Tuesday, April 22, 2025

Australia’s Race to Develop a Critical Minerals Sector


  • Australia is developing its critical minerals sector to support the global green transition.

  • The government has launched strategies and tax incentives to attract investment and boost production.

  • Australia holds significant deposits of critical minerals, including lithium, cobalt, and rare earth elements.

Australia has been developing its critical mineral sector in recent years, aiming to become a major producer and processor of the high-demand minerals and metals needed to support a global green transition. In addition to launching a national strategy and providing billions in funding for the sector, the government recently established a tax incentives law for critical minerals that is expected to attract greater investment in the sector. 

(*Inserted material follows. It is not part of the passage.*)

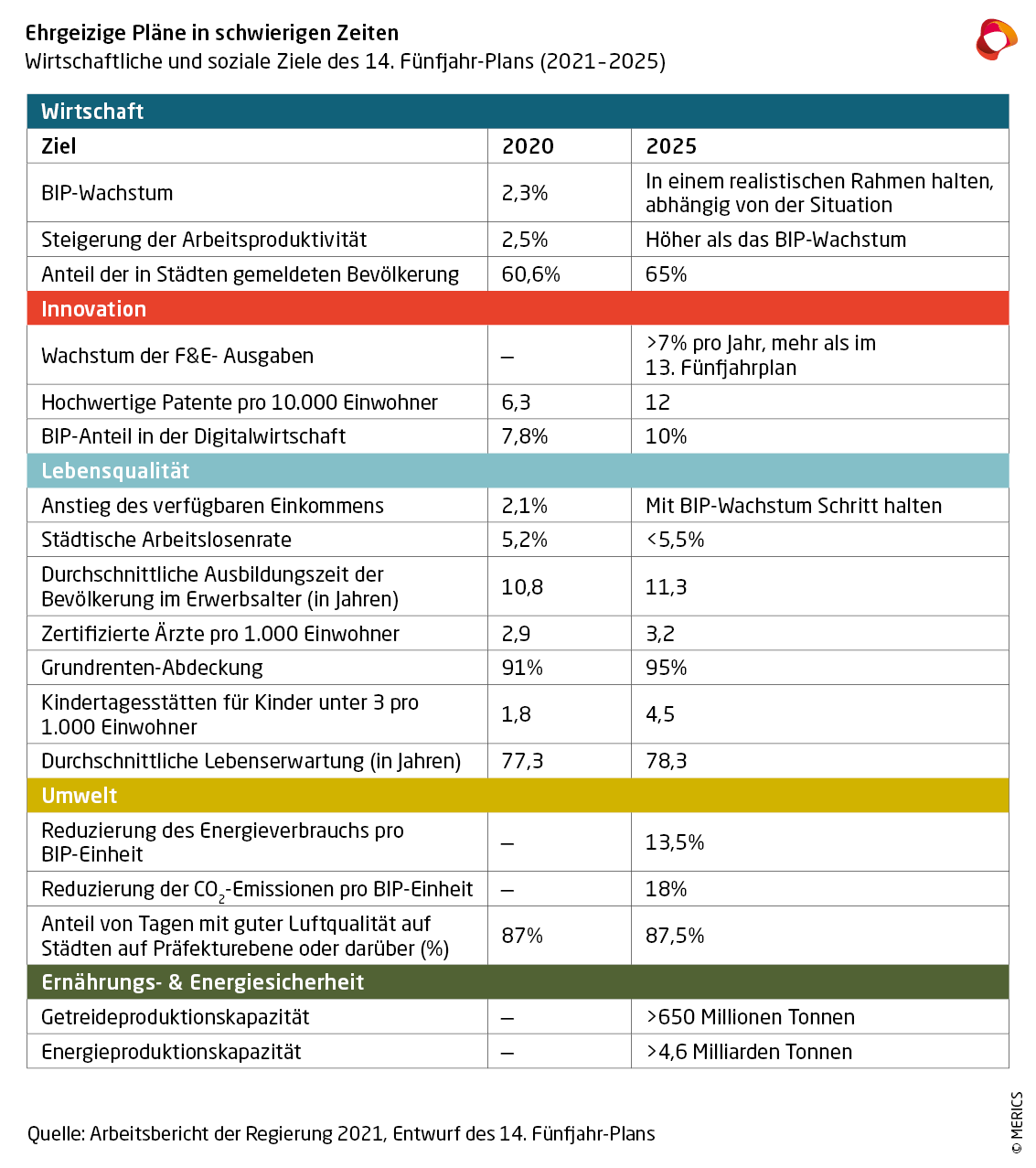 Der 14. Fünfjahr-Plan misst der wissenschaftlichen und technologischen Eigenständigkeit strategische Bedeutung für Chinas Entwicklung bei. Dennoch stehen große Herausforderungen bevor. In der Grundlagenforschung hat China Schwächen, bei Kerntechnologien, wie etwa integrierten Schaltkreisen, ist die Abhängigkeit vom Ausland immer noch hoch. Da die US-Handelsbeschränkungen Chinas technologische Ambitionen behindern, ist die Reform des Innovationssystems und der Forschungsinfrastruktur des Landes eine Priorität.
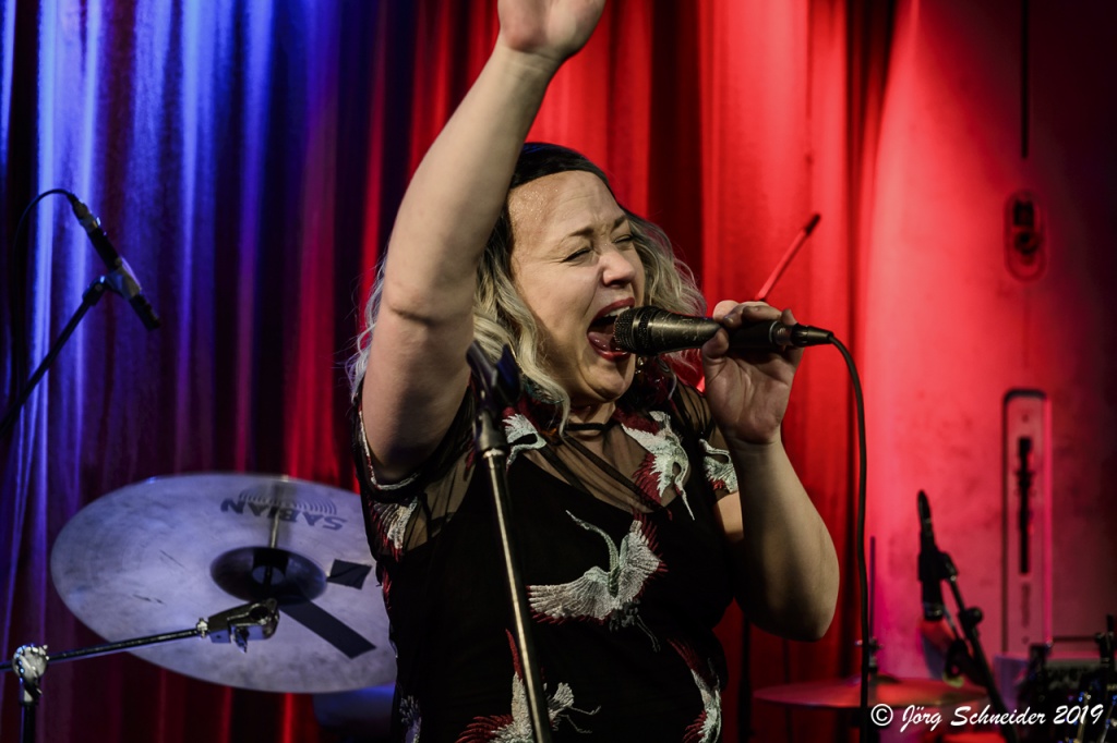 Die kleine aber durchaus charismatische Fronterin überzeugte mit gewaltiger Energie und Emotionalität in ihrer Stimme und ansteckender Bühnenpräsenz, die von den beiden dunkelhäutigen Sängerinnen Sherie Marshall und Mwansa Mwansa (was für eine Erscheinung!), noch weitere vokale Vehemenz in Sachen Harmonien und Backgrounds erhielt.

The demand for critical minerals is expected to increase dramatically over the coming decades as countries worldwide use them to power a global green transition. Common uses for critical minerals include the manufacturing of batteries, electronics, microchips, and solar photovoltaics. Australia is home to some of the largest recoverable critical mineral deposits on earth, including high-quality cobalt, lithium, manganese, rare earth elements, tungsten, and vanadium.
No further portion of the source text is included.